__Data shown__.
====

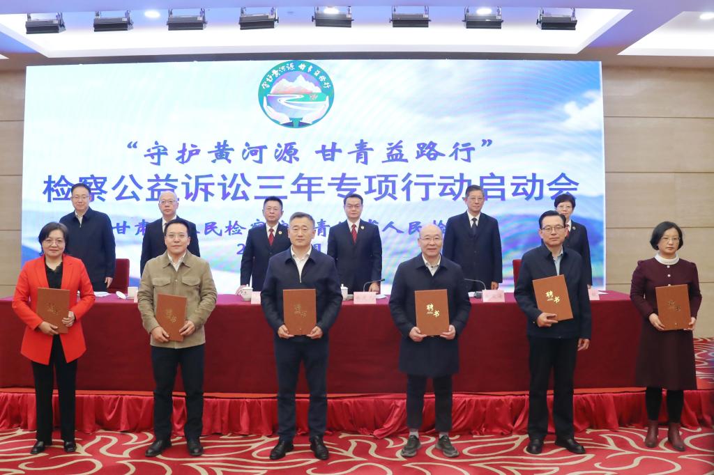启动会上,甘肃、青海省检察院签署了《关于建立甘肃、青海两省跨区域检察公益诉讼协作机制的意见》,向此次专项行动的特邀专家顾问颁发了聘书,青海省海东市检察院、甘肃省甘南州检察院检察长代表两省黄河流域检察机关表态发言。
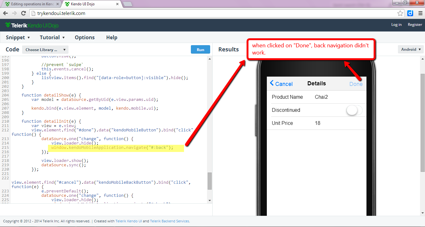 I was trying out listview Editing example(http://demos.telerik.com/kendo-ui/mobile/listview/editing.html) in Kendo UI Dojo but transition to previous view was not working on click of "Done" button. (Attached is a screenshot).
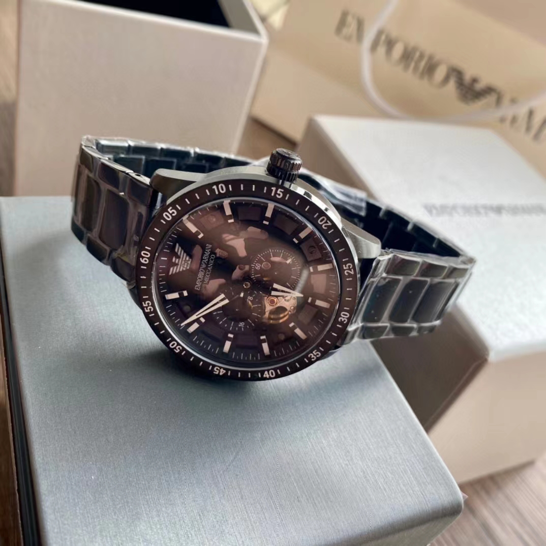 AR60054 阿玛尼AR60054银色镂空镶钻透视自动机械表 !镂空透视窗,质感指针、利落线条大气跃然于
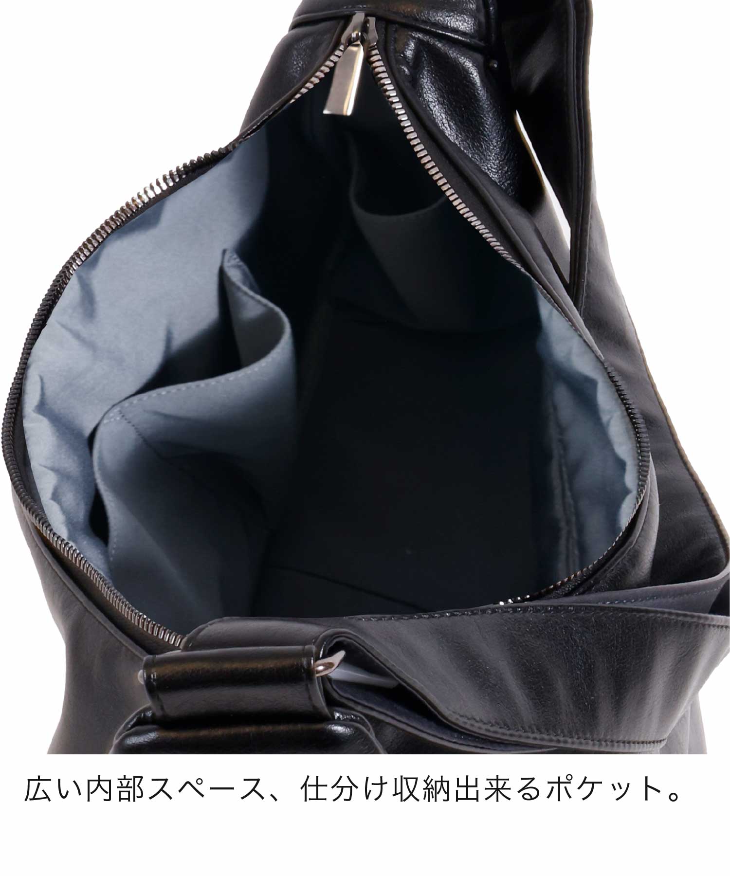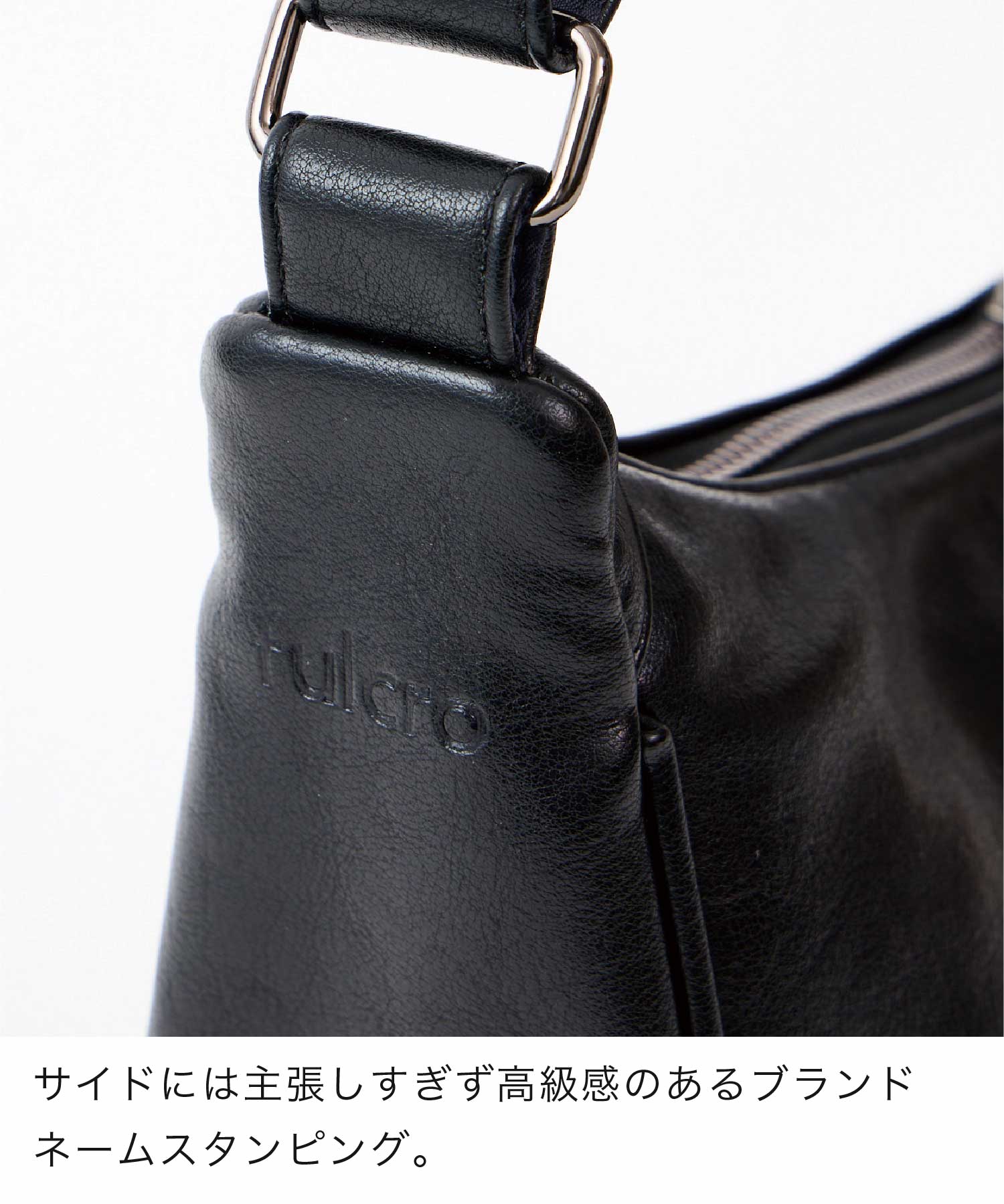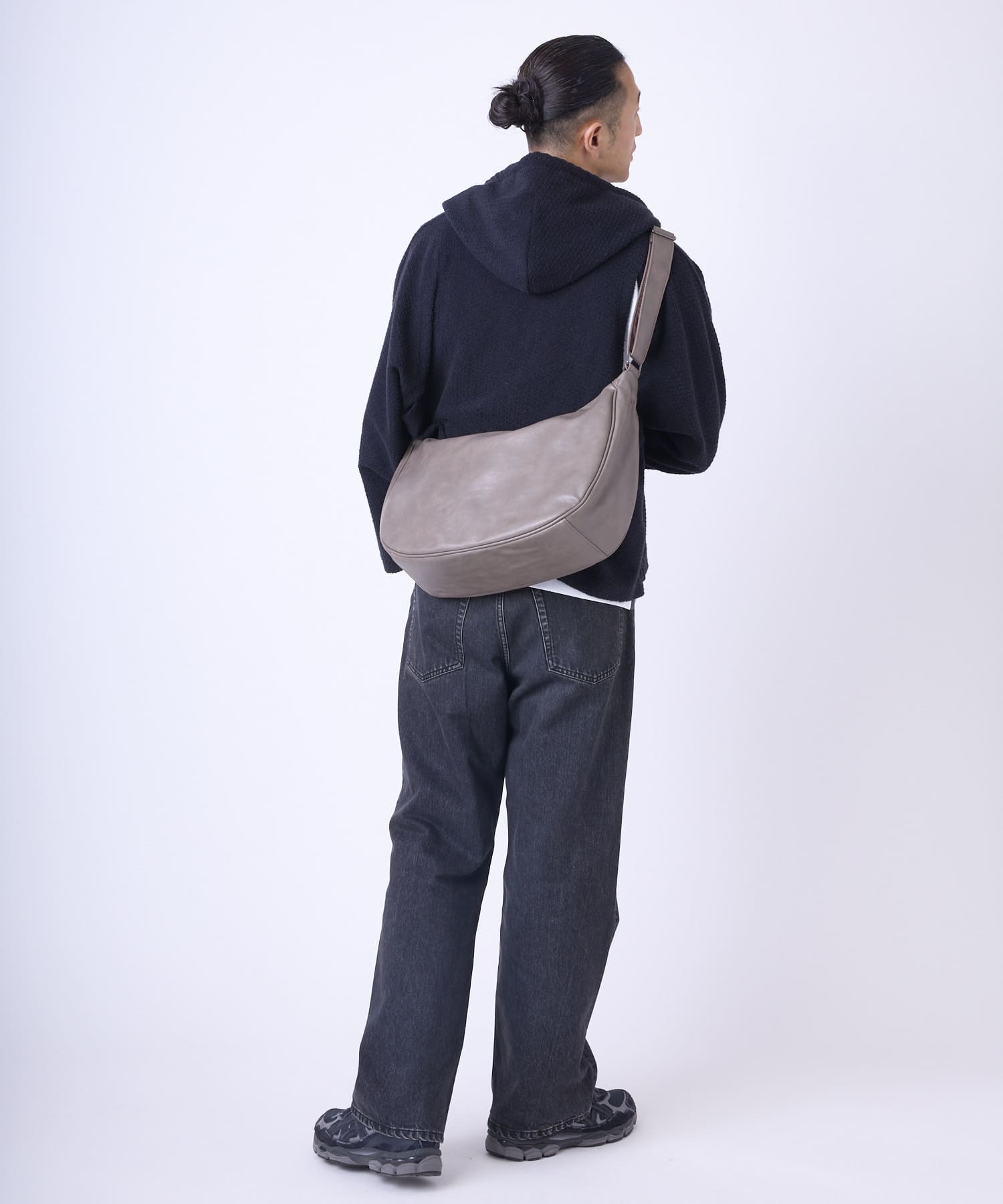 バッグの持ち手から本体までの流れるようなラインデザインで、肩から掛けた時でも形を崩さず身体に美しくフィットする。 皮革のような雰囲気でいて撥水性が高くシーンを選ばない。 マチが広いことで収納力が高く、自立する設計になっているので使用していない時でも存在感を発揮する。

====

__Task goal__. Every line above should be duplicated exactly; the pictures are to be left out.

__Answer to this problem__.
启动会上,甘肃、青海省检察院签署了《关于建立甘肃、青海两省跨区域检察公益诉讼协作机制的意见》,向此次专项行动的特邀专家顾问颁发了聘书,青海省海东市检察院、甘肃省甘南州检察院检察长代表两省黄河流域检察机关表态发言。
 I was trying out listview Editing example(http://demos.telerik.com/kendo-ui/mobile/listview/editing.html) in Kendo UI Dojo but transition to previous view was not working on click of "Done" button. (Attached is a screenshot).
 AR60054 阿玛尼AR60054银色镂空镶钻透视自动机械表 !镂空透视窗,质感指针、利落线条大气跃然于
 バッグの持ち手から本体までの流れるようなラインデザインで、肩から掛けた時でも形を崩さず身体に美しくフィットする。 皮革のような雰囲気でいて撥水性が高くシーンを選ばない。 マチが広いことで収納力が高く、自立する設計になっているので使用していない時でも存在感を発揮する。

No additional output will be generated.